Я выехал утром из Триеста, пообедал в Просеко и прибыл рано в Гориче, в дом графа Луиса Торриано; его не было, но мне позволили выгрузить мой небольшой багаж, когда я сказал, что граф меня пригласил. Я выхожу, иду к графу Торрес, остаюсь у него до часа ужина и затем иду к моему новому хозяину. Мне говорят, что он уехал загород и что вернется завтра. Мне сообщают, что отнесли мой чемодан в почтовую гостиницу, где мне заказали комнату и ужин. Это меня удивляет, но я иду туда, убеждаюсь, что меня дурно поселили и дурно накормили, но это неважно. Я решаю, что не было возможности поселить меня у него, и поэтому он не мог поступить иначе. Я полагаю, что он не виноват в том, что не сказал мне об этом. Мог ли я предположить, что сеньор, имеющий дом, не найдет у себя комнаты для друга? На следующее утро граф Луис Торриано явился повидать меня, поблагодарил за мою точность, поздравил себя с тем, что будет иметь меня в своей компании в Спесса, и сказал мне, что единственно озабочен тем, что мы сможем выехать только послезавтра из-за того, что назавтра назначено вынесение приговора в процессе, который он ведет против старого мошенника фермера, который служил ему и который, будучи его должником, не только не хочет платить, но и выдвигает претензии. Завтра должны обсуждать последнюю апелляцию и принимать по ней решение. Я сказал графу, что пойду послушать адвокатов, и что это доставит мне удовольствие. Он ушел, не только не спросив, где я обедаю, но даже не попросив извинения, что не смог поселить меня у себя. Я подумал, что может быть я неправ, явившись поселиться к нему ни с того ни с сего. Он пригласил меня за город. Я не стал больше об этом думать. Возможно, он ничего не сказал мне об этом из чувства деликатности, потому что если я совершил ошибку, это я должен был просить у него извинения.

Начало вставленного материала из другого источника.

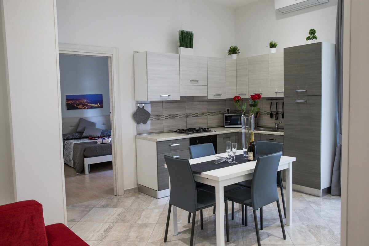 En komfortabel studioleilighet på 22 kvadratmeter, med klimaanlegg for både varmt og kaldt vær, og med et lite tekjøkken i et eget område utstyrt med induksjonskomfyr og kjøleskap. Leiligheten har raskt trådløst nettverk og også en LAN-kabelforbindelse. Den ligger i hjertet av byen, bare 100 meter fra sideinngangen til hovedtogstasjonen og noen minutter fra fergeterminalen for Amalfikysten og bussholdeplassen for Napoli, Pompeii, Amalfi og Positano.

Я обедаю один. Я провожу послеобеденное время, делая визиты, ужинаю у графа Торрес, говорю о том удовольствии, которое получу завтра, слушая речи адвокатов Гориче, и Торрес мне говорит, что также придет на это судилище, потому что ему любопытно будет увидеть, какую мину сотворит Торриано, если крестьянин выиграет.
– Я знаком с этим процессом, – продолжает он, – и все знают, что Торриано не может проиграть, по крайней мере если документ, который он представил, и на основании которого крестьянин оказывается должником, не фальшивый. Крестьянин, в свою очередь, может проиграть, только если квитанции графа окажутся по большей части фальшивыми. Крестьянин уже проиграл в первой и второй инстанции, но теперь вызван в суд и оплатил издержки, при том, что, заметьте, он беден. Если он проиграет завтра, он не только окажется разорен, но приговорен к галерам; но если он выиграет, настанут печальные времена для Торриано, потому что это он будет заслуживать галер, вместе со своим адвокатом, который достоин их уже несколько раз.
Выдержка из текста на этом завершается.